In another example, the apple cultivar ‘Gala’ is rated highly susceptible to fire blight because after infection of flowers and shoots, the fire blight bacterium quickly invades the perennial wood and forms large cankers that can lead to severe bearing wood losses. Large cankers on these cultivars girdle the branches or central leader, killing the branch or the tree top, and even the whole tree. Therefore, ‘Gala’ has no genetic wood resistance to fire blight and cannot survive fire blight infection, succumbing to severe losses in perennial wood and number of trees. This means that the majority of the trees in an orchard will not survive a severe disease outbreak. The younger the orchard is, the more likely tree death can occur. Finally, when a resistant apple cultivar is paired with a susceptible rootstock (e.g., M.9, M.26, M.111), fire blight risk increases for tree death due to cankers killing the rootstock by girdling. Tolerant to resistant Bud-9 or Geneva rootstocks (e.g., G.41, G.11, G.935, G.210), respectively, markedly reduce tree mortality, though flowers, shoots, and wood of the grafted cultivar remain susceptible.

While the majority of pear cultivars are highly susceptible, many apple cultivars show different levels of susceptibility, though no fully resistant varieties exist. The more susceptible an apple cultivar is, the more likely it is to become infected, show rapid and severe disease progression, and ultimately die in comparison to less susceptible cultivars. While fire blight poses a risk to all apple varieties, understanding which varieties in an orchard are more susceptible can help prevent sudden, severe crop loss by dedicating increased care.

Among the apple varieties commonly grown in Virginia, highly susceptible apple varieties include ‘Gala’, ‘Ginger Gold’, ‘Lodi’, and ‘York Imperial’. Some of the least susceptible apple varieties common in the state are ‘Red Delicious’, ‘Golden Delicious’, ‘Honeycrisp’, and ‘Harrison’. Table 1 lists other commonly grown varieties and their corresponding susceptibility to fire blight infection. It is important to note that while varieties show general trends in resistance, fire blight severity is contingent on many variables, including time of infection, temperature, humidity, tree age, physical damage, and age-related resistance (also known as ontogenic resistance). Due to this unpredictability, these ratings are only meant to serve as a reference point, as even trees that generally show low susceptibility may still experience severe infection in high infection pressure years.

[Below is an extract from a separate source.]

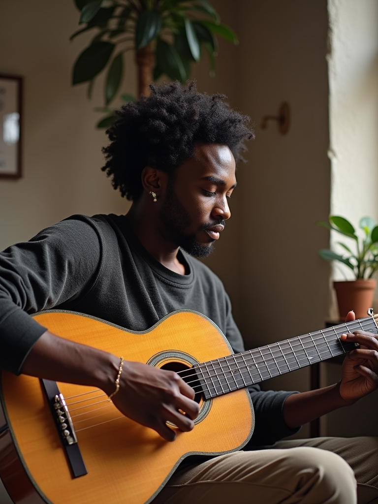 creative masculine model practicing a personal passion—playing guitar, painting, or crafting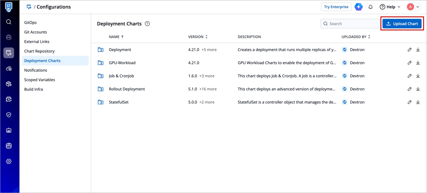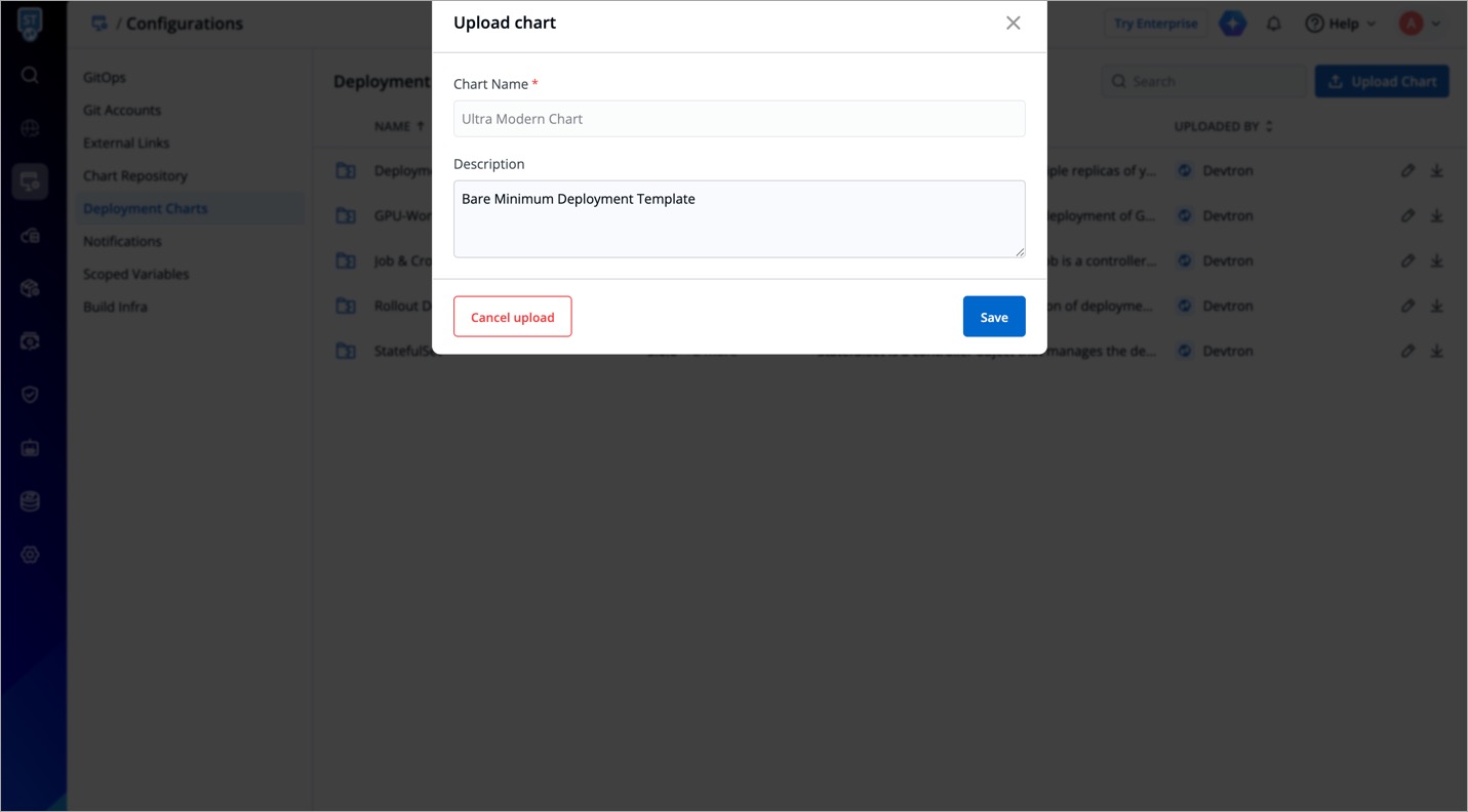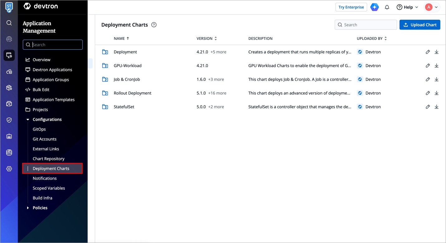 Once you successfully upload a deployment chart, you can start using it as a deployment template for your application. Refer Deployment Template to know more.

Ontogenic Resistance of Host

Ontogenic resistance in pome fruit trees refers to the natural, age- or development-dependent change in a plant’s susceptibility to pathogens. In simple terms, young apple tissues (such as rapidly growing shoots, leaves, flowers, and young fruit) are usually much more susceptible to infection, whereas older, more mature tissues become increasingly resistant. This resistance is not due to prior exposure to a pathogen, but rather to normal developmental changes in the plant. As apple tissues mature, they undergo structural and physiological shifts, such as thicker cuticles, increased cell wall lignification, altered nutrient availability, reduced stomatal activity, and changes in defense-related metabolites—that make it harder for pathogens to penetrate, colonize, or spread. Ontogenic resistance plays a major role in infection because the fire blight pathogen is most severe when tissues are young and actively growing, while the same pathogen often fails to infect or cause limited damage later in the season. This is especially true for shoots, which become less susceptible to fire blight after terminal bud formation due to significant metabolic changes. Understanding ontogenic resistance is critical for disease management, as it helps explain why infection risk is highest during specific growth stages and why well-timed protective measures are more effective than season-long susceptibility assumptions.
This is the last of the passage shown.